Interestingly, the first song that dealt with what to do with a vegetarian at the table was 1947’s “Save the Bones for Henry Jones (‘Cause Henry Don’t Eat No Meat),” which was written by Danny Barker and Michael Goldsen, and recorded by Johnny Mercer and the King Cole Trio.
Enjoy this clip from The Nat King Cole Show, recorded in October 1957. Mercer was Cole’s guest and they performed a lively duet.
We’re gonna have a supper
We’ll eat some food that’s rare
And at the head of the table
We’ll place brother Henry’s chair
Invite all the local big dogs
We’ll laugh and talk and eat
But we’ll save the bones for Henry Jones
‘Cause Henry don’t eat no meat
Today I’ll go to market
Buy up a lotta fish
Well, that will thrill brother Henry
‘Cause fish is his special dish
Get a large can of molasses
Have something really sweet
But we’ll save the bones for Henry Jones
‘Cause Henry don’t eat no meat
Henry is not a drinker
He rarely takes a nip
He don’t need a napkin
‘Cause the things he eats don’t drip ‘ blip!
One day we had a banquet
It really was a bake
They started off with short ribs
Then finished off with steak
But when the feast was over
Brother Henry just kept his seat
And we served the bones to Henry Jones
‘Cause Henry don’t eat no meat
Our banquet was most proper
Right down to demitasse
From soup to lox and bagels
And pheasant under glass ‘ class!
We thought the chops were mellow
He said his chops were beat ‘reet!
We served the bones to Henry Jones
‘Cause Henry don’t eat no meat
He’s an egg man
Henry don’t eat no meat
He loves a pullet
Henry don’t eat no meat
A vegetarian
Henry?
Coming mother!
Soup’s on
Nat King Cole and Johnny Mercer are an interesting pairing.
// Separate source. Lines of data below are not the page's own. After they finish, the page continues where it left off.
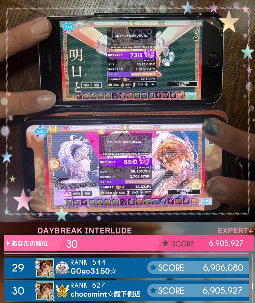 #TRIGGER記念日2025 TRIGGER担の皆様、記念日お疲れ様でした。カードを貸して下さったフレンド様には感謝の気持ちで一杯です😭 今年は10周年なのでTRIGGER愛を全力こめて彼女と一緒にスコアタに挑みました💪 SSは無理でしたが何とか1000位以内で良かった😂 ギリギリですがスコアタで初3桁💕ヤッタ pic.x.com/mmsGfsOVFM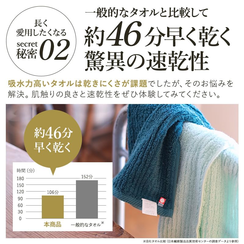 【パワフルな吸水力&速乾性】スーパーゼロの糸は、一つ一つの糸が持つ無数の隙間が水分を残さずしっかり吸い取ります。身体をさっと拭くだけで肌や髪の水分をしっかり吸収し、お風呂上がりをもっと快適に。また、タオルを”畔織”にすることで表面にでこぼこを生じさせて、肌触りの良さと速乾性を両立しました。これにより一般的なタオルよりも46分早く乾きます。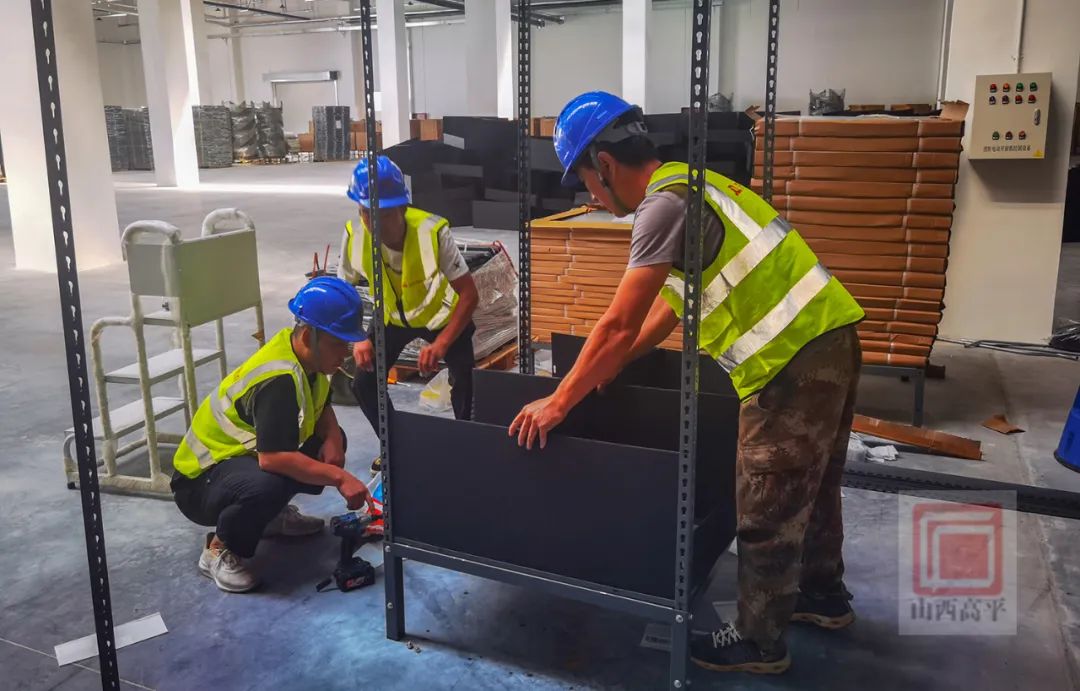 走进二广高速晋东南物流园项目建设现场,以红黄灰为主色调的厂房简约大方、充满活力。厂房内,工人师傅分散在不同区域,正在进行仓储货架的安装以及物流分拣设备的组装。该厂房分为上下两层,将依托京东物流自研的自动化仓储拣选系统和搬运机器人等智能设备,实现智能化立体仓储配送。
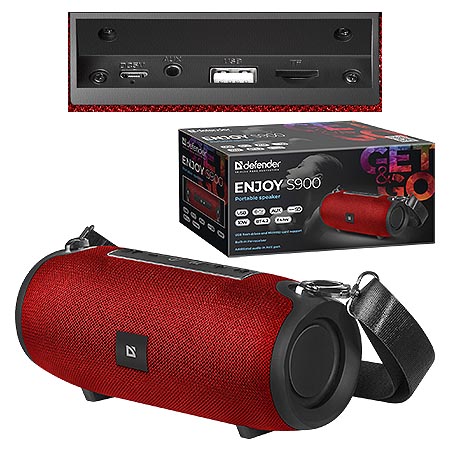 Колонка портативная " Defender " S900 Enjoy красная, пластик, ремешок для переноски, Bluetooth, AUX, microSD, FM, USB, 10Вт, 95*220мм
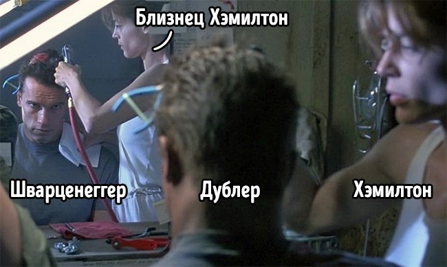 Цікавий спосіб придумав Джеймс Кемерон у своєму другому «Термінаторі». Відображення грали сам Шварценеггер і близнючка Лінди Хемілтон, а персонажів по цей бік — дублер і сама Лінда Хемілтон. Подивіться, ну неможливо ж здогадатися!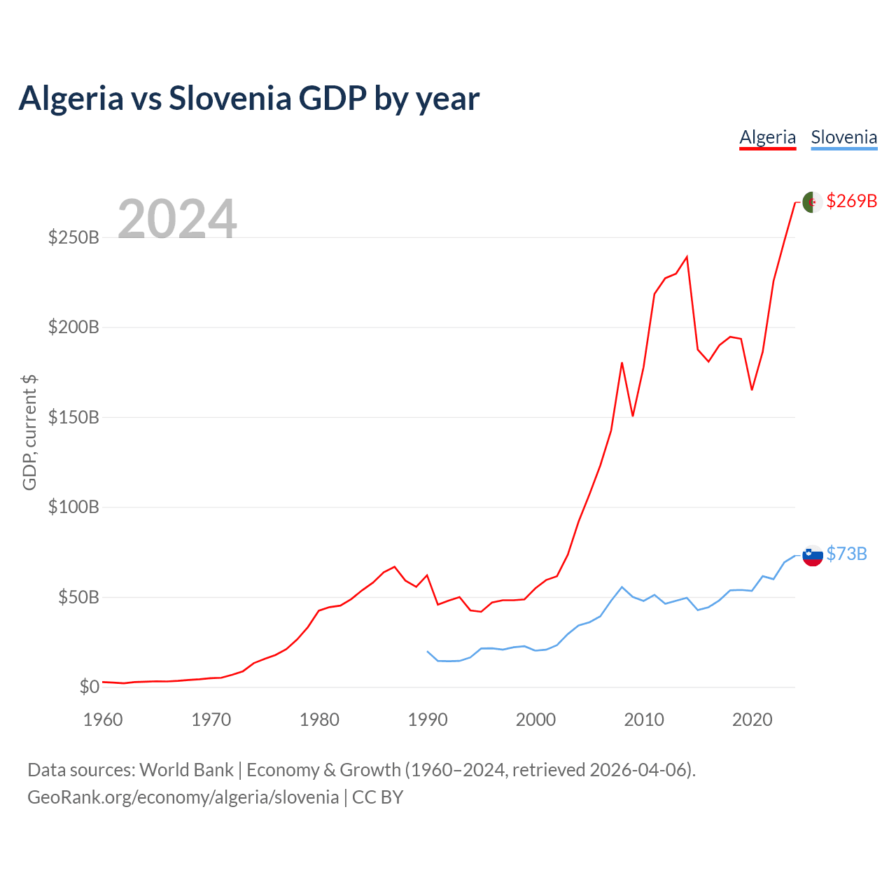Algeria vs Slovenia GDP by year

Despite their disparate backgrounds, there is a visible ease in their duet. They were brought together by Mercer’s founding of Capitol Records, according to The Songwriter’s Hall of Fame—of which he was the founding president.
In 1942, together with fellow songwriter (and film producer) Buddy De Sylva and businessman Glen Wallichs, [Mercer] founded Capitol Records and became Capitol’s first President and chief talent scout. Soon, he had signed up such performers as Stan Kenton, Nat “King” Cole, Jo Stafford, and Margaret Whiting, and by 1946 Capitol was responsible for one sixth of all records sold in the U.S.
Unlike many white “Tin Pan Alley” songwriters of his time, Mercer grew up in the South, around Black people and their culture.
Johnny grew up listening to his parents sing. His mother loved to sing ballads while his father favored turn of the century standards.
When he was six years old, Johnny began singing in the choir at Christ Church.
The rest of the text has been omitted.